The dawn of another sleepless night. Your breathing shallow, sporadic…every interval, more and more distant. “It” was lurking at every corner, making “it’s” presence known, felt…making my body stand on edge. “It” had been announced months ago, AND, maybe we had “accepted it”, but the thought that “it” was…almost here was just so unnerving.
Your little frail body, almost a shell of what you had been, finally at peace; finally the screams, “Help, me Mom!” had been quieted. The horrible flow of you vomiting your insides had stopped. Finally, you lay oh so peaceful, not writhing in pain. BUT what was the cost?
At times begging The Father to take you already. At times clinging to every last second of life…wishing for one last
…Hug, smile, giggle, even a grouchy face, anything…one last MOMMIE…
I’m playing one of your favorite songs, trying to sing to you…YOU breathed in ANDDDDDDDDDDDDDDDDDDDDDDDDDD it was over!!!

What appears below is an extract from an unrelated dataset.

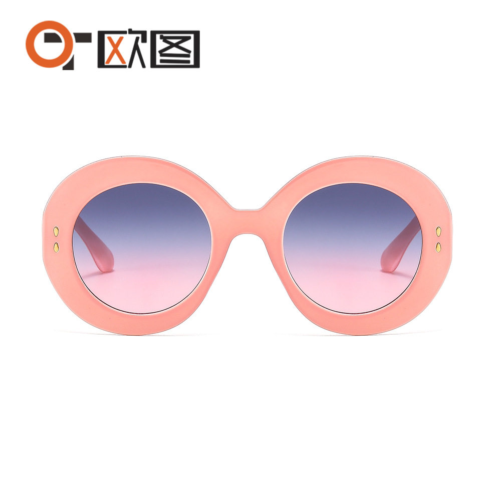 穿搭出游墨镜 M386圆型大框米钉欧美男女士太阳镜ins网红时尚

My heart pulverized into a gazillion pieces…
I know You are at peace in the very safest place you can ever be. I know I will see You again. I know…I know…I know…
How do I convince my aching arms that they will hold You, again? How do I tell my ears that they will hear Your voice, again? How do I tell my eyes that they will see You, again? How do I tell the fragments of my heart to beat, again?